Cleveland City Councilman Joe Cimperman sent a proclamation and Ms. Susanna Niermann O'Neil; Vice City Manager/Director of Community Services of the City of Cleveland Heights; also presented a proclamation and spoke for a few minutes about how Cleveland Heights is proud of its diversity and congratulated the staff of Us Together for all of the good work that they do and said that the "Cleveland Heights, its city council and its citizens celebrate what you are doing and are glad you came to our town."

Asian Services in Action was tabling here so we got to say hello to Sujata Burgess and several of our other friends. Among the organizations also tabling were the International Services Center, Primerica, Cuyahoga Jobs and Family Services, Global Cleveland, Refugee Response, Neighborhood Family Practice, and Nepal Orphans Home.

We had another event to attend so we had to leave just before dinner but on the way out to the parking lot we stopped and spoke with Ms.
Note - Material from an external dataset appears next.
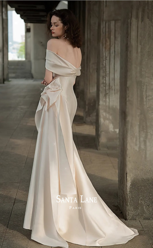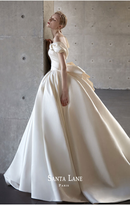 Early Spring 2023 Winter one-shoulder satin satin wedding dress- Sally

Susanna Neirmann O'Neil about how difficult it must be for people to leave their homeland and resettle in an entirely different culture with an entirely different language.

Fortunately, there are places like Us Together to help them.

We had to postpone dinner so we could catch the last part of Columbia Coffee Night put on by the Interreligious Task Force on Central America (IRTF) at St. Paul's on Franklin Avenue which was on the other side of Cleveland.

Nevertheless, there was still plenty of salad and bean tamales left so we were sustained and thus able to pay attention to Sarah Sommers' important presentation about recent happenings in Columbia. Sarah was heartened when President Santos agreed to negotiate with the representatives of the Columbian people regarding how to solve Columbia's problems largely brought on by imbalances in the trade agreements and/or how they are being implemented.

Sarah was very impressed by the way the Columbian people of the farm, mining and fishing communities (among others) put aside their differences and effectively organized for the good of the whole resulting in 120,000 people taking part in demonstrations across the country which called for the government to be more responsive to their needs of Columbia and its people.

We can only hope that things are eventually worked out for the betterment of all involved.